La durée est la qualité de ce qui persévère dans l'être. Tout ce qui existe dure; et si brève qu'ait été une existence elle a duré. La durée n'implique pas l'immutabilité; mais uniquement un quelque chose qui ne change pas et qui permet d'identifier l'être que l'on a déjà rencontré, d'affirmer que c'est bien là le même être, quels que soient les changements qu'il ait éprouvés. Un homme ne se ressemble guère du berceau à l'âge du bâton, toutefois il reste le même, il dure.

La durée est quelque chose d'objectif qui se confond avec la vie ou l'existence et plus exactement avec l'essence de l'être, avec ce qui dans l'être reste le même; et de même que l'essence d'un être, la durée d'un être ne se distingue de son existence que par abstraction. La durée d'un être est indivisible comme son existence ou sa vie même. Elle commence avec lui et finit avec lui.
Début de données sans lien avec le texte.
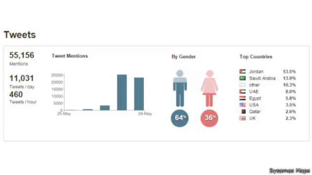 إليكم رسم توضيحي يظهر عدد التغريدات على مدار الأسبوع، وأكثر البلدان استخداما للهاشتاغ.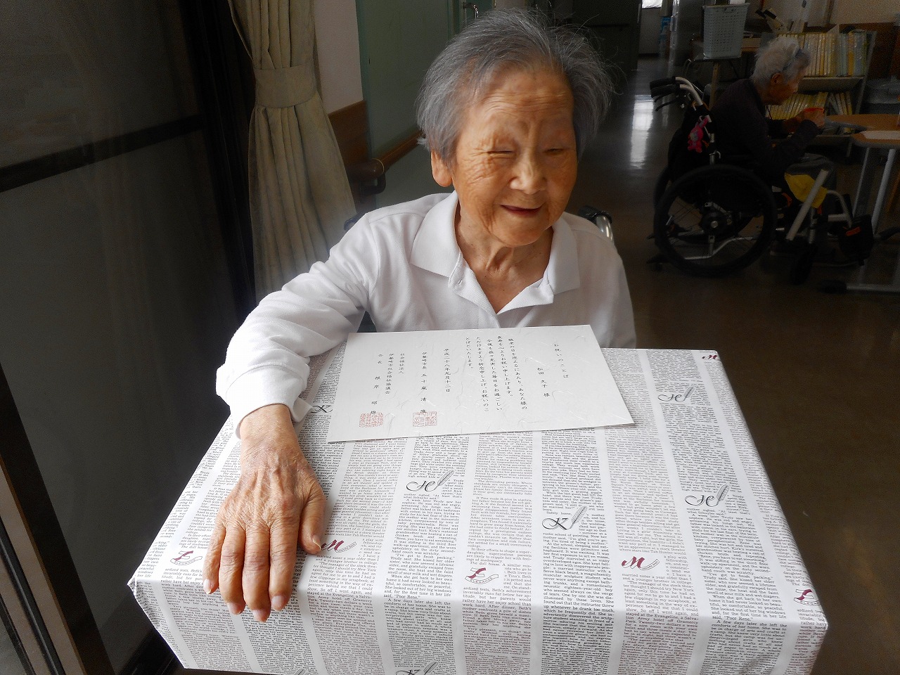 他の入居者様の前での授与で、皆様も長寿のお祝いを一緒に喜んでくださいました!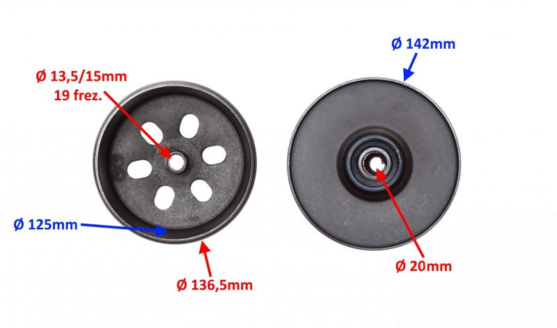 Kompletne sprzęgło odśrodkowe CVT przeznaczone do skuterów i pojazdów z silnikami GY6 125 ccm oraz GY6 150 ccm. Zestaw zawiera sprzęgło odśrodkowe, dzwon sprzęgła oraz talerze, dzięki czemu jest gotowy do bezpośredniego montażu bez konieczności dokupowania dodatkowych elementów.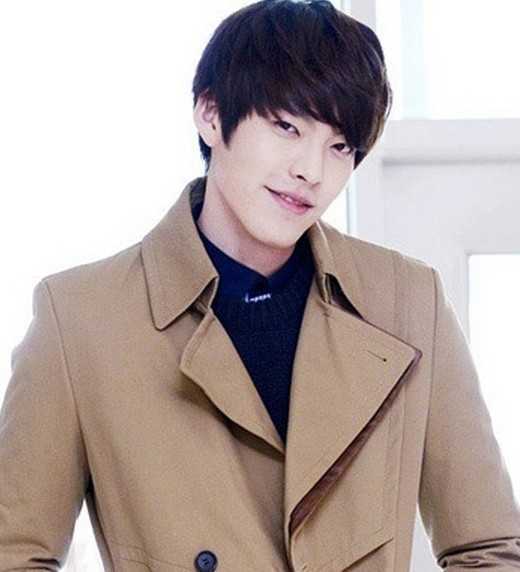 显得偏长脸型的金宇彬,剪上一个微斜的齐刘海发型,个性潇洒的他也能透出温柔清新起来了,一身浅棕色的大衣搭配毛衣打底,十足的气质优雅型男魅力。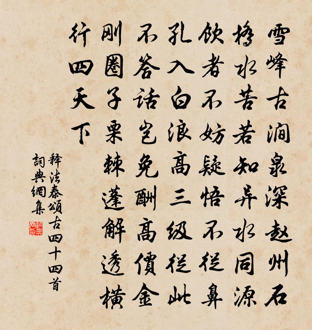 詩詞名句歷史字典書法欣賞書法字典國語詞典說文解字康熙字典古漢語字典標 題 作 者 詩 句 頌古四十四首作者:釋法泰 朝代:宋代頌古四十四首原文雪峰古澗泉深,趙州石橋水苦。若知異水同源,飲者不妨疑悟。不從鼻孔入,白浪高三1/1級。從此不答話,豈免酬高價。金剛圈子栗棘蓬,解透橫行四天下。詩詞問答問:頌古四十四首的作者是誰?答:釋法泰問:頌古四十四首寫於哪個朝代?答:宋代釋法泰頌古四十四首書法欣賞頌古四十四首書法作品詩詞推薦浣溪沙·山滴嵐光水拍堤姜彧〔元代〕山滴嵐光水拍堤,草香沙暖淨無泥。只疑誤入武林溪。兩岸桃花烘日出,四圍高柳到天垂。一尊心事百年期。和秉國芙蓉五章司馬光〔宋代〕但見涉江求水際,豈知緣木采霜中。微紅未肯全衰歇,正似酡顏鶴髮翁。和何長官六言次韻蘇軾〔宋代〕作邑君真伯厚,去官我豈曼容。一廛願托仁政,六字難賡變風。五噫已出東洛,三復願比南容。學道未從潘盎,(九日二首劉克莊〔宋代〕拒霜過了菊又慳,紈扇知收覺薄寒。鄰有新篘謀醉易,家無舊繡補衣難。今誰狂客同吹帽,老不中書合免冠。人到訓小童華岳〔宋代〕飯罷令人喚小童,敢煩捉耳為開蒙。芎茶不用焦湯點,紙被還將艷火烘。醉欲伴眠當倩月,熱求揮汗合邀風。它時秋至葉茵〔宋代〕節序暗推移,清商漸戒期。旅懷{上艹中大下蟲}早計,涼信柳先知。萬事到雙鬢,餘生消幾詩。最憐樑上燕,巢風流子(郭縣尹美任)佚名〔宋代〕西風吹錦水、朝天路、冉冉兩鳧飛。看父老裊花,苦遮去轍,兒童騎竹,爭問歸期。帳簇馬前紛蔽日,實績紀行碑如夢令許有壬〔元代〕牆角黃葵都謝。開到玉簪花也。老子恰知秋,風露一庭清夜。瀟灑。瀟灑。高臥碧窗下。暮春滻水送別 / 一作暮春送客韓琮〔唐代〕綠暗紅稀出鳳城,暮雲樓閣古今情。行人莫聽官前水,流盡年光是此聲。雜劇·沙門島張生煮海李好古〔元代〕第一折(外扮東華仙上,詩云)海東一片暈紅霞,三島齊開爛熳花。秀出紫芝延壽算,逍遙自在樂仙家。貧道乃東黃羅{左衤右羅}宋祁〔宋代〕袁褚聲華約略同,到頭忠佞兩成功。先皇謾賜黃羅{左衤右羅},不識明眸有貫虹。山居雜詩九十首曹勛〔宋代〕隨春動草木,微和入池閣。群芳爭妍媸,紅翠媚寥廓。一枝姑到眼,萬態便如昨。春深風雨來。固已任開落。跋虞丞相與趙撙節使帖還其猶子濟二首楊萬里〔宋代〕虞丞相與趙將軍,同策江淮第一勛。大羽進賢今寂寞,凌煙頌里感風雲。古傾杯(林鐘商)柳永〔宋代〕凍水消痕,曉風生暖,春滿東郊道。遲遲淑景,煙和露潤,偏繞長堤芳草。斷鴻隱隱歸飛,江天杳杳。遙山變色,海口皇甫明子〔宋代〕窮島迷孤青,颶風盪頑寒。不知是海口,萬里空波瀾。蛟龍恃幽沈,怒氣雄屈蟠。崢嶸抉秋陰,掛席潮如山。熒惑青樓曲鄒登龍〔宋代〕青樓女兒十五六,翠掠雲鬟妙裝束。千金學舞拜部頭,新來教得涼州曲。錦韉少年被花惱,醉把金釵換香草。西風予方臥病稅院劉君以畫梅堅索詩口占遣之牟巘五〔宋代〕今年四野赤如赭,安有吟情至此花。何況病夫空百妄,只於真實認根芽。懷寄周元翁十首賀鑄〔宋代〕周郎妙雅道,五字可人師。許與非不嚴,奈何取我詩。我詩如秋蟲,徒增長年悲。指疵固有望,逐臭得無嗤。詩鳴壽鐵石翁宋自遜〔宋代〕梅傳春信伴持觥,壽數新年滿六庚。長與白雲分屋住,閒騎黃犢趁山行。不因問藥深深隱,除卻能詩事事生。看到譚仁季以二詩見貽走筆次韻曹彥約〔宋代〕詩才清不羨滄浪,曾向歐曾接瓣香。萬里相逢書遜志,百年幾見易含章。君溫有腳開春盎,我暗無心得夜光。可奈名句推薦夢後樓台高鎖,酒醒簾幕低垂。晏幾道《臨江仙·夢後樓台高鎖》 臣強則死,念妄則亡。來俊臣《羅織經·事上卷第二》 幾硯昔年游,於今成十秋。司馬光《送龔章判官之衛州·新及第》 新園鎖卻愁陰,露黃漫委,寒香半畝。吳文英《瑞龍吟·送梅津》 客有哀時失職而聽者,淚淋浪以沾襟。李白《幽澗泉》 浩氣清英,仙材卓犖,下土難分別丘處機《無俗念·靈虛宮梨花詞》 先拂商弦后角羽,四郊秋葉驚摵摵。李頎《聽董大彈胡笳聲兼寄語弄房給事》 淒涼別後兩應同,最是不勝清怨月明中。納蘭性德《虞美人·曲闌深處重相見》 漠漠黃雲,濕透木棉裘。蔣捷《梅花引·荊溪阻雪》 綠竹半含籜,新梢才出牆。杜甫《嚴鄭公宅同詠竹》

Les premiers êtres qui peuplent notre connaissance sont les êtres sensibles. Or les êtres sensibles, par cela seuls qu'ils existent distinctement, durent et changent. L'être qui dure, et cependant subit des changements partiels, présente des états successifs qui réagissent sur nos sens et nous permettent d'envisager sa durée comme un déroulement continu de modifications successives. Que la durée soit quelque chose d'objectif et

« PrejšnjaNaprej »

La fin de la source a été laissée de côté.